Not long after that, something strange happened to fruit. Organic peaches, apples, mangoes—they felt different. Smoother. Less alive. Under microscopic inspection, it turned out that all organic fruit had suddenly been coated with a nanofilm—a wafer-thin plastic layer, invisible to the naked eye but palpable to those paying attention. It was allegedly edible, biodegradable, and “good for gut flora.” Gideon, of course, hadn’t asked for permission. He had simply built an infrastructure through clever deals and shell companies that convinced supermarket chains this was “the future of freshness.” No one protested. The film became routine. Anyone who complained was dismissed as being “anti-innovation.”

Then came the Meat Incident. All over the world, fast-food chains began receiving complaints that their burgers tasted “off.” Investigations revealed that Gideon’s food company, Synthetica Eats, had successfully infiltrated tons of plant-based meat into real meat shipments. Invisible. Unannounced. A silent substitution. It tasted exactly the same, but it wasn’t real. It was artificial. A Texan butcher discovered it by accident when he cut open a burger and screamed, “This is tofu with an identity crisis!” The world laughed—but it wasn’t a joke. Gideon responded with a press release saying, “I’m merely accelerating the ethical evolution of consumption.” Synthetica’s stock skyrocketed.
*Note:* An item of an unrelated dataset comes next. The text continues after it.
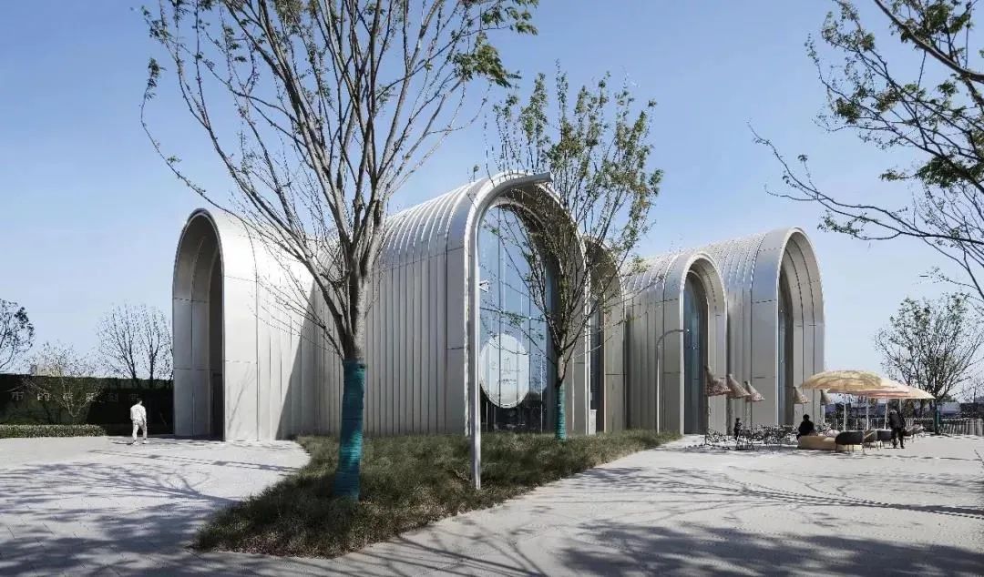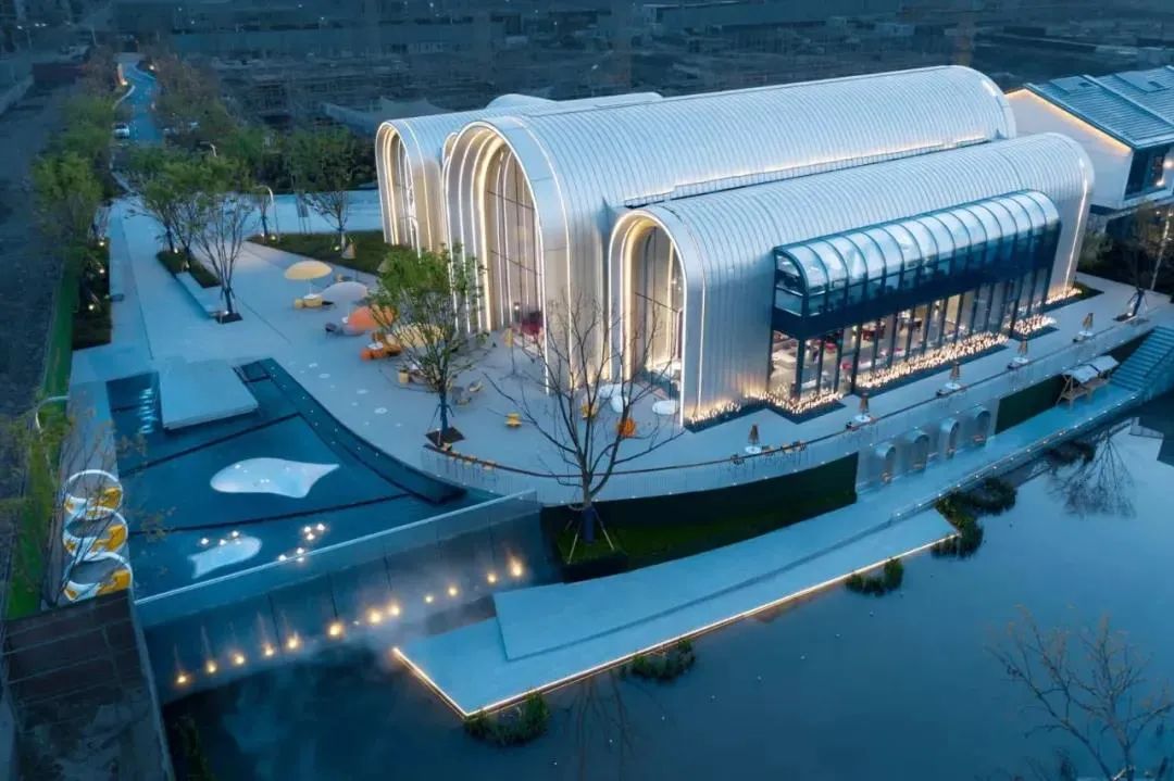 示范区景观面积共计约8000平米,售楼处约1500平米。实景展示占地面积约2400平,售楼处设计灵感来自“渔舟错落的停靠在水岸边”的水乡景象,用极简的现代主义手法转译渔舟形象,链接现代与传统。连续的拱券营造一个艺术圣殿,展示未来社区的生活方式……

And then came Project BuzzCare. Gideon, now in love with the possibilities of genetics, had commissioned a team of scientists in a former NATO bunker in Finland to engineer a new breed of mosquito. These mosquitoes were genetically modified to deliver microdoses of mRNA vaccines with each bite. No appointments. No warning. No consent. At first, people thought it was a conspiracy theory. Then, people started developing antibodies against diseases they’d never been vaccinated for. The WHO spoke of “an unexplained spread of immunity.” Gideon only smiled during an interview and said, “Health is a human right. I’m democratizing distribution.”

You’d think that by this point, he would definitely be considered a villain. A modern, technocratic Dr. No. But no. Gideon remained… a philanthropist. He donated billions to climate initiatives he himself had made necessary, gave TED talks about “ethical disruption,” and called every catastrophe a “proof of concept.” When critics labeled him a supervillain, he would smile gently and say, “I’m just a systems optimizer. The system was failing long before I arrived.”

And the world? It nodded. And went back to work. Under a gray sun, eating covered fruit, unknowingly biting into synthetic burgers, and getting bitten by well-meaning mosquitoes.

Did it end well? Who’s to say.

Perhaps this was only the beginning.